In our day, ministry has been professionalised. We adopt a model of church life from the corporate sector, we create distinct spheres of work, family and leisure, and we create a cadre of leadership distant from the congregation. Our leaders are visionaries and public speakers, perhaps imitating stand-up comedians or talk-show hosts, with lives opaque to pastoral accountability. Edwards may well have maintained some of the social decorum attributed to his ministerial responsibilities in a deferential world, but alongside this he gave himself generously to those whom he was training. He wrote to Bellamy disclosing details of the settlement of his salary, speaks of Bellamy as being ‘one of the most intimate friends that I have in the world,’ and frequently invites him to come and stay at their home. In observing Edwards’s life, his mentorees learnt not only the art of theological discourse, but self-sacrifice and self-denial as well, in contrast to the “complacency and worldliness” of many other clergy of their day. In making reference to 1 Thessalonians 2, Edwards describes the church as “our mother.” He comments that “[t]his is also a lively image of the care that the church, especially the ministers of the gospel, should have of the interest of Christ committed to their care.” Edwards broadens our expectation of pastoral leadership, and encourages us to share our lives with those we train.

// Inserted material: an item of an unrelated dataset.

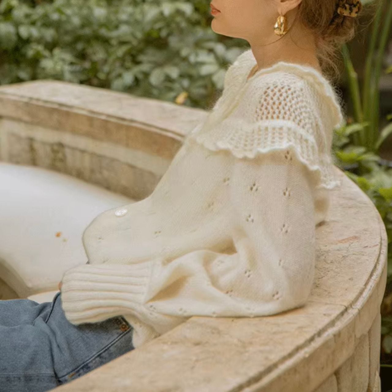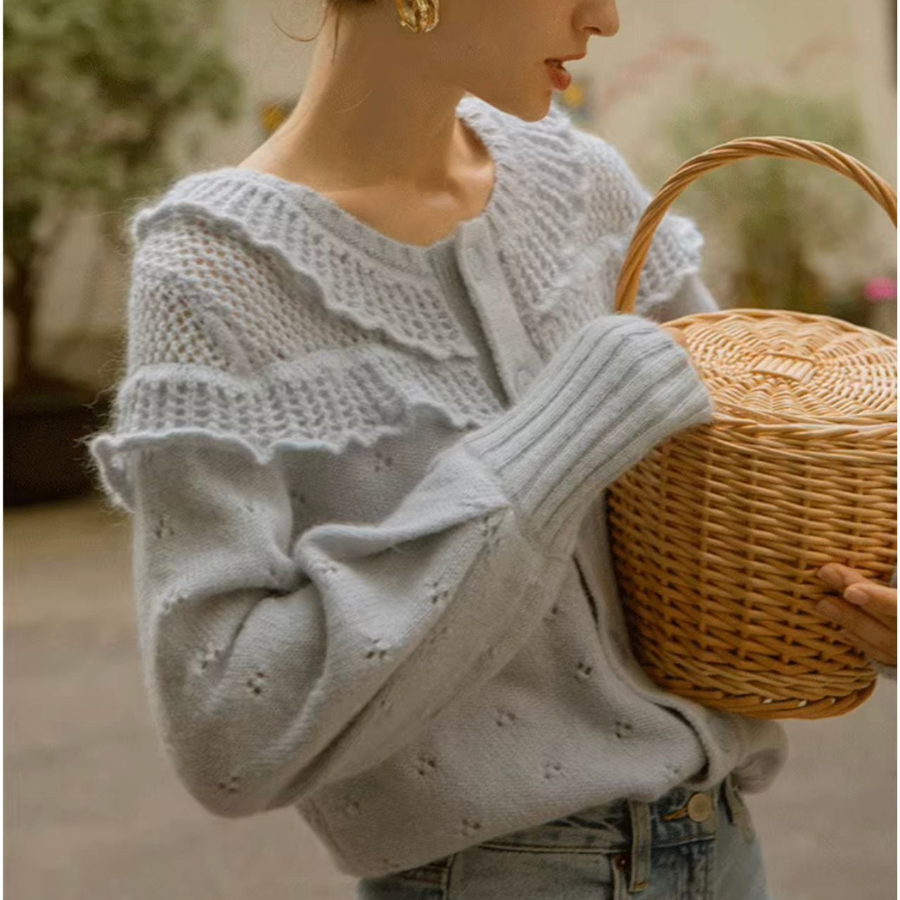 Foreign Balloon Sleeve Mohair Wool Cardigan <2colors>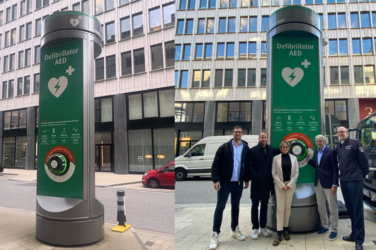 Ströer arbeitet für ein Pilotprojekt mit den Herzrettern aus Hamburg und Medical Industrie zusammen und hat erstmals einen Defibrillator in einen digitalen Medienträger im öffentlichen Raum eingebaut. Dafür konzipierte Ströer eigens eine geeignete Säule, die nun in der Straße Großer Burstah steht und für Passant:innen jederzeit frei zugänglich ist.

Edwards draws attention to the nature of Christ’s mentoring as an intentional programme of training individuals for the ministry, which Edwards as clergy from time to time fulfils, and the importance of discipling, teaching believers the necessary attitudes and skills to learn from and follow Christ, which he exemplifies. He achieves both, given that Edwards’s mentorees excelled in their ability to sustain both organisationally and pastorally the movement which he began. His strategic foresight is set before us as a noble aspiration.